- _Dataset entries_
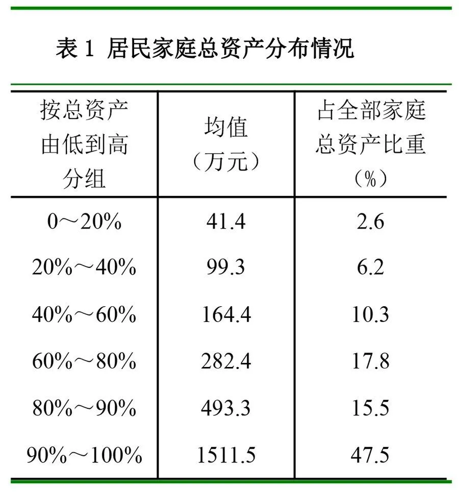 第三,城镇居民家庭净资产均值为289.0万元,分化程度高于资产的分化程度。与美国相比,我国城镇居民家庭财富分布相对均衡(美国净资产较高1%家庭的净资产占全部家庭净资产的比重为38.6%,我国为17.1%)。
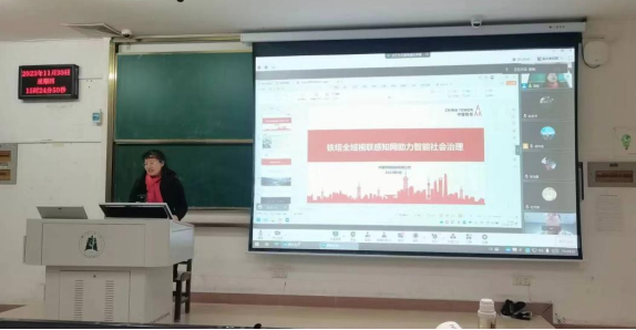 2023年11月30日下午,中国铁塔技术专家曹晟教授以《铁塔全域视联感知网助力智能社会治理》为题,为我院师生进行了一次精彩的讲座。本次讲座由我院档案系系主任李彩容教授主持,在教4-407教室以线下线上相结合的方式举行,22级全体研究生、部分本科生以及部分青年教师参加了此次讲座。
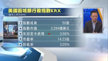 【Now財經台】由美國50間地區銀行組成的「區域銀行股指數」(KRX),截至上周五(6月27日)止,今年累跌近3.6%。過去3年及5年,美國地區銀行股總回報,分別跑輸標指20至約48個百分點,呢類股份值唔值得投資?
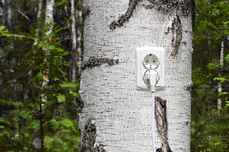 Электрическая розетка с вилкой на дереве
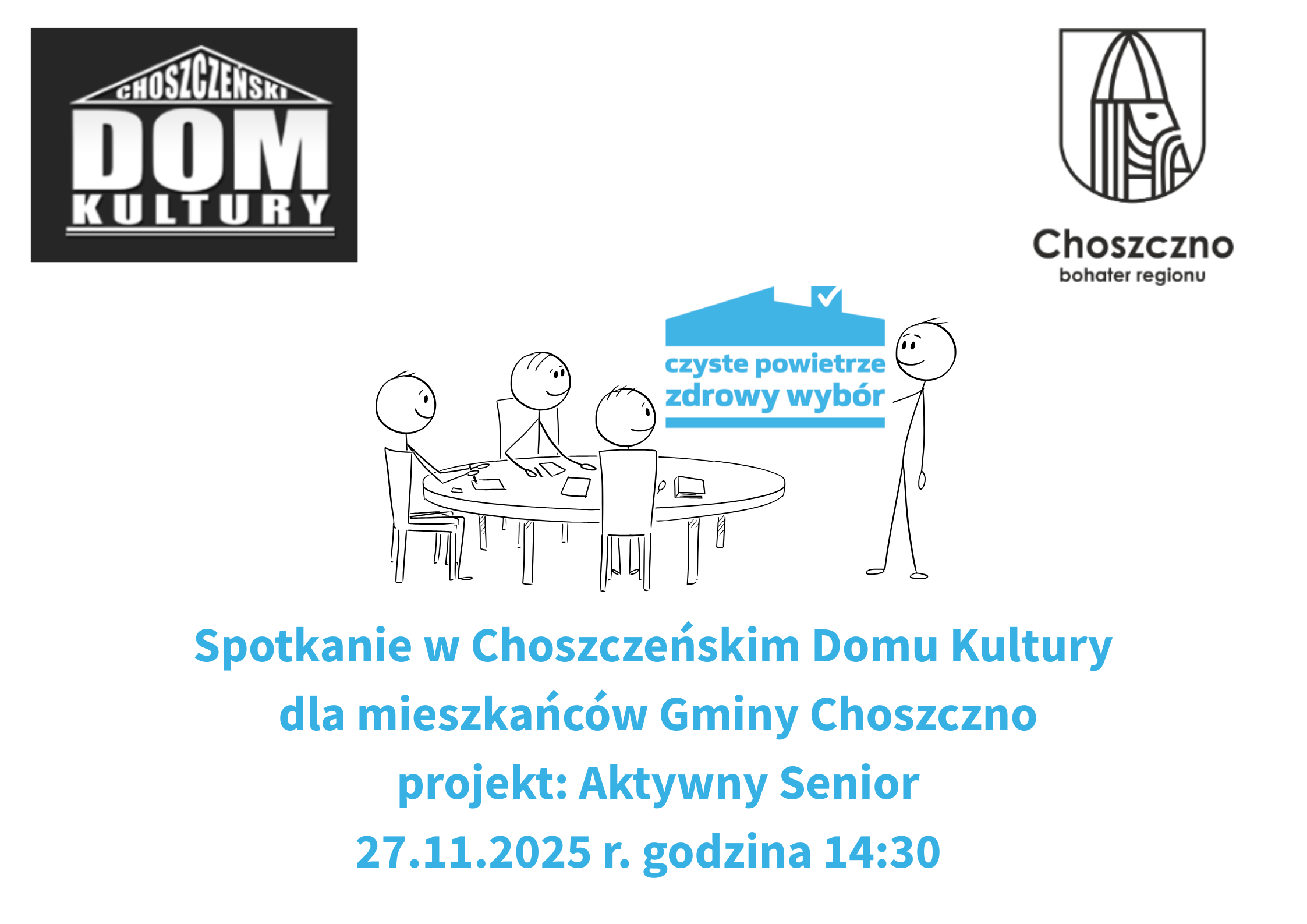 Drodzy Mieszkańcy Choszczna, informuję, że w dniu dzisiejszym w ramach projekty „Aktywny Senior” opowiem o programie „Czyste Powietrze”

- _WORK INSTRUCTION_
Pictures are not part of the copy. Extract exactly the lines from the line containing "Электрическая розетка с вилкой на дереве" through the final line of the entries above, both included.

- _EXERCISE ANSWER_
 Электрическая розетка с вилкой на дереве
 Drodzy Mieszkańcy Choszczna, informuję, że w dniu dzisiejszym w ramach projekty „Aktywny Senior” opowiem o programie „Czyste Powietrze”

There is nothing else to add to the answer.